Adaptive optics scanning light ophthalmoscopy imaging of 2 brothers with early STGD1 and their unaffected parents was compared with conventional imaging. Cone and rod spacing were increased in both patients (P < .001) with a dark cone appearance. No foveal cones were detected in the older brother. In the younger brother, foveal cones were enlarged with low density (peak cone density, 48.3 × 103 cones/mm2). The ratio of cone to rod spacing was increased in both patients, with greater divergence from normal approaching the foveal center, indicating that cone loss predominates centrally and rod loss increases peripherally. Both parents had normal photoreceptor mosaics. Genetic testing revealed 3 disease-causing mutations.
Conclusions and Relevance
This study provides in vivo images of rods and cones in STGD1. Although the primary clinical features of STGD1 are retinal pigment epithelial lesions, adaptive optics scanning light ophthalmoscopy reveals increased cone and rod spacing in areas that appear normal in conventional images, suggesting that photoreceptor loss precedes clinically detectable retinal pigment epithelial disease in STGD1.
Stargardt disease (STGD1) is characterized by macular atrophy and peripheral flecks in the retinal pigment epithelium (RPE). The causative gene, ABCA4 (OMIM 601691),1 encodes a protein localizing to photoreceptor outer segments2 that transports vitamin A byproducts across the disc membrane.3 Loss of ABCA4 function is associated with RPE lipofuscin accumulation4 and photoreceptor degeneration in mouse models. A pathogenic sequence of lipofuscin accumulation leading to RPE cell damage and then photoreceptor loss has been proposed.5
Mutations of ABCA4 are associated with a spectrum of phenotypes, including cone-rod dystrophy and retinitis pigmentosa.6 Several hundred sequence variations in ABCA4 have been identified.7,8 Assessment of the pathogenic contribution of disease-causing alleles has indicated the presence of non-ABCA4 modifying factors.9 Given the phenotypic variability of ABCA4-associated disease, predicting its spatial and temporal progression is critical for the development of potential therapies.10
Conventional imaging has been useful to characterize STGD1. Fundus autofluorescence (FAF) shows early diffuse lipofuscin accumulation, hyper-AF within flecks, and hypo-AF indicating RPE atrophy.11 Optical coherence tomography (OCT) shows thickening of the foveal external limiting membrane, suggesting early gliosis.12 These methods remain limited by the eye’s optical irregularities.

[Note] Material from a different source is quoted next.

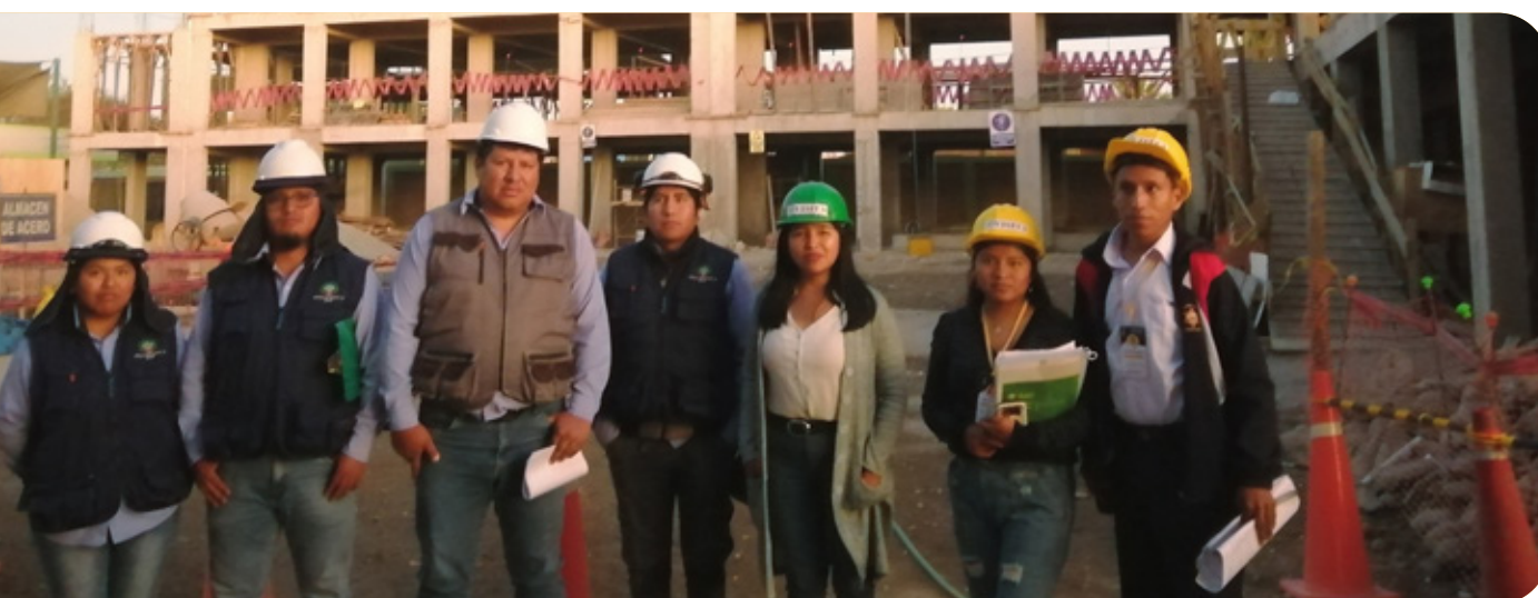
Entrevista con el ingeniero residente de obra

Realizamos una visita a la obra para contrastar la información subida en los diversos portales de transparencia del Estado. Hasta el día en que se realizó la visita, el 10 de agosto de 2023, los avances físico y financiero consignados eran de un 22% y un 39,1%, respectivamente. Estas cifras evidenciaban una brecha de 17%. No obstante, ambos avances eran distintos en la obra real: aproximadamente, 46% en el físico y 49% en el financiero. Con ello se infiere que la información en los portales de transparencia no se pone al día periódicamente. De hecho, la última actualización se dio en mayo, por lo que hasta agosto había dos meses sin que se hubiera actualizado la plataforma del SSI. Días después de la visita se actualizó el portal con un avance físico de 36,5% y uno financiero de 49,4%, con una brecha de 12%.

Adaptive optics scanning light ophthalmoscopy (AOSLO) enables visualization of single photoreceptor cells in the living human retina, including foveal cones and peripheral rods.13 Diseased photoreceptors can be measured quantitatively, and cone loss has been shown14 to correlate with clinically identified lesions in STGD1. To investigate early STGD1, we used AOSLO to evaluate 2 brothers with macular atrophy, a mild phenotype, and their unaffected parents.

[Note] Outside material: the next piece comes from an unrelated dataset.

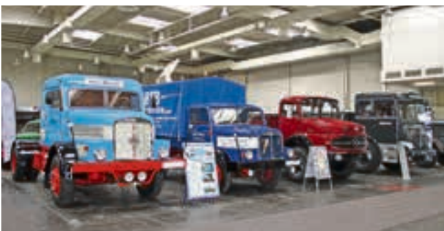
Ob IFA, Mercedes, Büssing oder andere: Freunde historischer Nutzfahrzeuge kamen auf der IAA ebenfalls auf ihre Kosten.
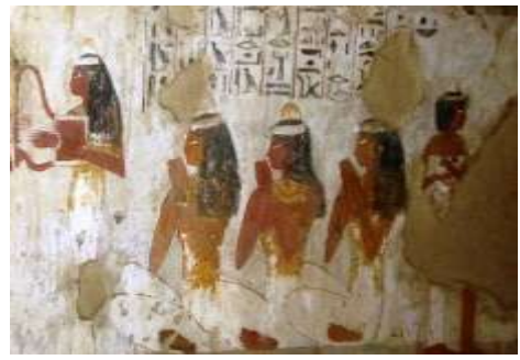
شكل (٣٧) مقبرة جسر كا

To investigate the pathologic sequence of Stargardt disease, we used adaptive optics scanning light ophthalmoscopy (AOSLO) to examine the cones and rods in 2 brothers with early macular atrophy.
AOSLO revealed increased cone and rod spacing in areas that appeared normal in conventional images, suggesting that photoreceptor loss precedes clinically detectable retinal pigment epithelium disease.
Early pathologic features detected by AOSLO included a decline in peak foveal cone density and enlarged photoreceptor size.
The presence of dark cones suggests foreshortened outer segments that may indicate potential target areas for therapy.
Both parents, genetically confirmed carriers of disease-causing mutations in ABCA4, had normal photoreceptor mosaics.
Complete ophthalmic examinations, fundus photographs (FF450plus; Carl Zeiss Meditec Inc), and spectral-domain OCT and FAF (Spectralis OCT and Heidelberg Regina Angiograph; Heidelberg Engineering) were obtained. The University of Rochester Research Subjects Review Board approved this study. Written informed consent was obtained and participants received financial compensation.
Participants’ DNA was tested for mutations in ABCA4. Sequence variations were evaluated as disease causing by using standard techniques.7
Cone and rod photoreceptor images were acquired using the Rochester AOSLO technique (eMethods in the Supplement). Photoreceptors were labeled semiautomatically. A foveal cone density map was generated and peak cone density was measured. The center of the foveal avascular zone and the preferred retinal locus were identified. Photoreceptor spacing was compared with normative AOSLO or histologic data15 using 1-way analysis of variance with Bonferroni correction.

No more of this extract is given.